Data Systems Paradigms

October 15, 2024

Extract: Scrape raw data from all the source systems, e.g., transactions, sensors, log files, experiments, tables, bytestreams etc.

Transform: Apply a series of rules or functions, wrangle data into schema(s)/format(s)

Load: Load data into a data storage solution

ETL (Traditional Warehouses)

Extract or scraping from API or log file, transform into common schema/format, load in parallel to “data warehouse”

ELT (e.g. Snowflake)

Extract or scraping from API or log file, Load without doing a lot of transformation, with transformations done in SQL

Faster to get going, and more scalable, but requires more data warehousing knowledge (& may be more expensive).

ET (Data Lakes)

No need to “manage” data. Extract directly into a Data Lake, later transform for specific use cases.

Data is dumped in cheaply and massaged as needed for various use-cases Usually code-centric (Spark)

Data Warehouses ~ 1990s

“Single source of truth”: A central, organized repository of data used for analytics throughout an enterprise.
Design the uber-schema up-front of all of the rectangular tables you’d ever want.
Extract from trusted sources
Transform to warehouse schema using custom tools
Load data warehouse
Old school ETL solution: Informatica
Warehouses expect structure
Transformation is costly, not necessarily just computing but engineering time

Data Lake ~ 2010s

Emerged during Hadoop/Spark revolution
“Landing zone”: unconstrained storage for any and all data
Data is then analyzed on demand
Extract into files/storage
Load into storage (easy!)
Transform on demand for any use.
Create new files in the lake, catalog files as they go for reuse
Often code-centric

[!NOTE] ETLT & the Lakehouse Modern solutions are likely Many-to-Many. Sometimes start with a data lake. Empower data scientists to work on ad-hoc use cases .Allow for datasets that “graduate” to a carefully managed warehouse. Some datasets may directly be loaded into a data warehouse.

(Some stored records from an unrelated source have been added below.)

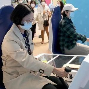 10月7日,觀(guān)眾在“奮進(jìn)新時(shí)代”主題成就展上體驗操縱直升機訓練模擬器。當日是國慶長(cháng)假的最后一天,大批觀(guān)眾來(lái)到北京展覽館參觀(guān)“奮進(jìn)新時(shí)代”主題成就展。新華社記者 王毓國 攝
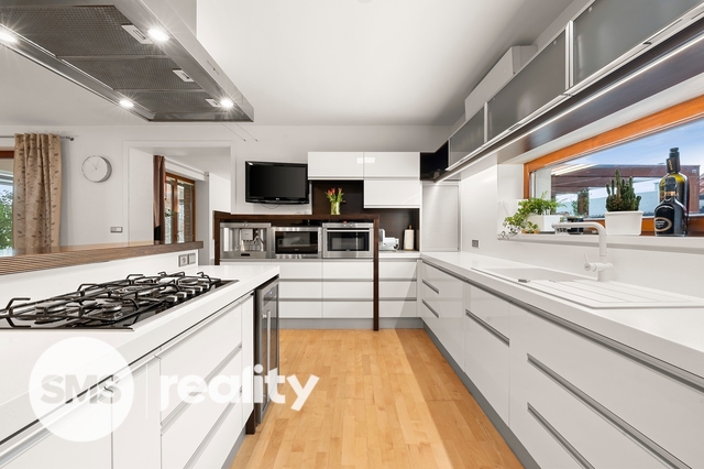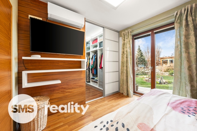 Nabízíme k prodeji samostatně stojící nízkoenergetický bungalov o dispozici 4+1 s užitnou plochou domu 146,31 m², zimní zahradou o ploše 34,2, garáží s užitnou plochou 61,1 m² a sklepem o ploše 35 m². Nemovitost se nachází v obci Prosiměřice, pouhých 10 km od Znojma. Tento dům, kolaudovaný v roce 2007, je situován na vlastním pozemku o rozloze 1 195 m². Dispozičně je rozdělen na dvě hlavní části: • Společenská část zahrnuje kuchyni s jídelnou, která navazuje na prostorný obývací pokoj s centrálním krbem a přímým vstupem na zimní zahradu s venkovním krbem. • Klidová část nabízí dvě samostatné ložnice a hlavní ložnici se šatnou. • V domě dále najdete technickou místnost, samostatnou toaletu a koupelnu se sprchovým koutem a toaletou. Vytápění zajišťuje kondenzační plynový kotel s podlahovým teplovodním systémem ve společenské části domu, zatímco pokoje v klidové části jsou vytápěny radiátory. Moderní komfort doplňuje nová fotovoltaická elektrárna o výkonu 9,6 kWp s bateriemi a klimatizace. Zahrada a exteriér Zahrada byla pečlivě navržena zkušeným zahradním architektem a nabízí nejen naprosté soukromí, ale i vizuální harmonii v průběhu celého roku. Součástí je vyhřívaný bazén se slanou vodou, přírodní koupací jezírko a stylová sauna se zahradní sprchou pro dokonalý relax. Automatický závlahový systém je napojený na retenční nádrž a vlastní vrtanou studnu, což zajišťuje efektivní a ekologickou údržbu zahrady. Pro parkování je připravena nadstandardní garáž, která pojme dvě vozidla. která je navíc částečně podsklepená a využít je možné i půdu. Další parkovací místa jsou k dispozici na vydlážděném nájezdu před domem. Lokalita Obec Prosiměřice nabízí plnou občanskou vybavenost, včetně základní a mateřské školy, obchodů, restaurací, zdravotního střediska a lékárny. Lokalita je ideální pro rodinné bydlení díky klidnému prostředí a dostupnosti města Znojma. Nemovitost je nabízená k prodeji včetně většiny vybavení, nábytku, spotřebičů a technologií, které jsou již zahrnuty v ceně. Pokud hledáte moderní bydlení bez kompromisů, tento dům může být tím pravým. Pro více informací nebo sjednání prohlídky mě neváhejte kontaktovat.
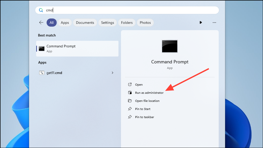 command promptorcmdto search for command prompt. - When it appears, click on the 'Run As Administrator' option on the right side and click on the 'Yes' button in the User Account panel to launch command prompt.
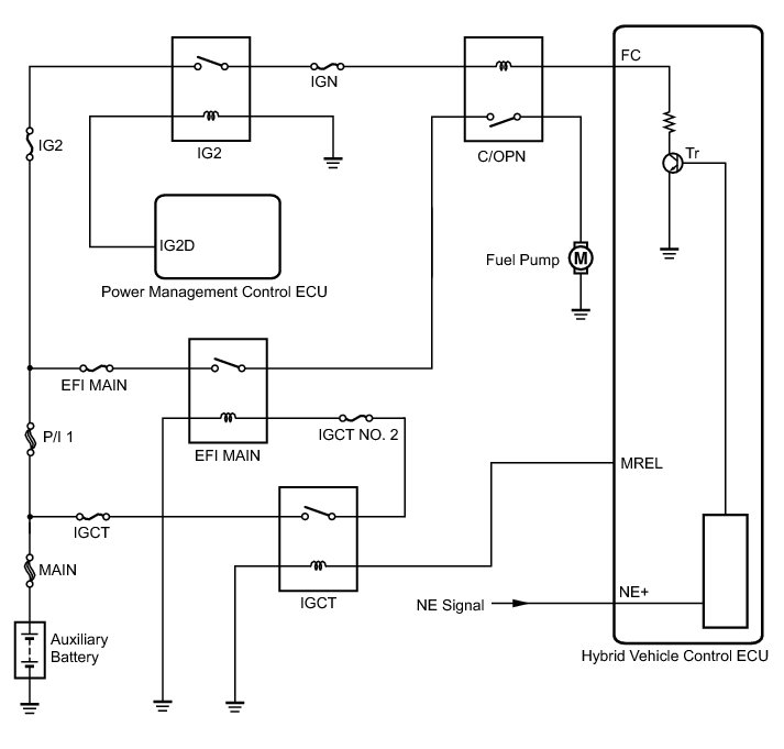 When the NE signal is input to the hybrid vehicle control ECU, Tr is turned on, current flows to the coil of the C/OPN relay, the relay switches on, power is supplied to the fuel pump and the fuel pump operates.

Databricks uses a Lakehouse which make managing such a system much easier.

Important Considerations

Data Discovery, Data Assessment

Ad-Hoc: End-users land data, explore it, label it
Systematic: Crawl/index the data lake for files
E.g., for CSV/JSON
Very content-centric: really a form of analytics/prediction
Try to figure out what type of data you have.
AI + People!

Data Quality & Integrity

Boolean Integrity checks
Often specified by people, also “mined” by AI
Data changes ALL the time, especially from clients.
Enforced: can “reject” or “sequester” data that violate.
e.g no two products that have the same product ID!

Application Metadata:

Data entities (e.g. students, courses, employees for a university)
Relationships between data
Constraints

Behavioral Metadata:

Data Lineage – where did it come from?
Audit Trails of Usage – who ran this job, and what did it do?

Change Metadata

Version info for all the above
Timestamps

Operationalization (Ops):

When do jobs kick off, and what do they do?
How are tests registered, exceptions handled, people alerted?
How do experiments “graduate” into processes?

Feedback:

Some are datasets in their own right. If you produce a table, that’s also data!
Many are new processes that generating new data feeds!
ML models: Constantly yielding predictions.
Compare old predictions to new predictions?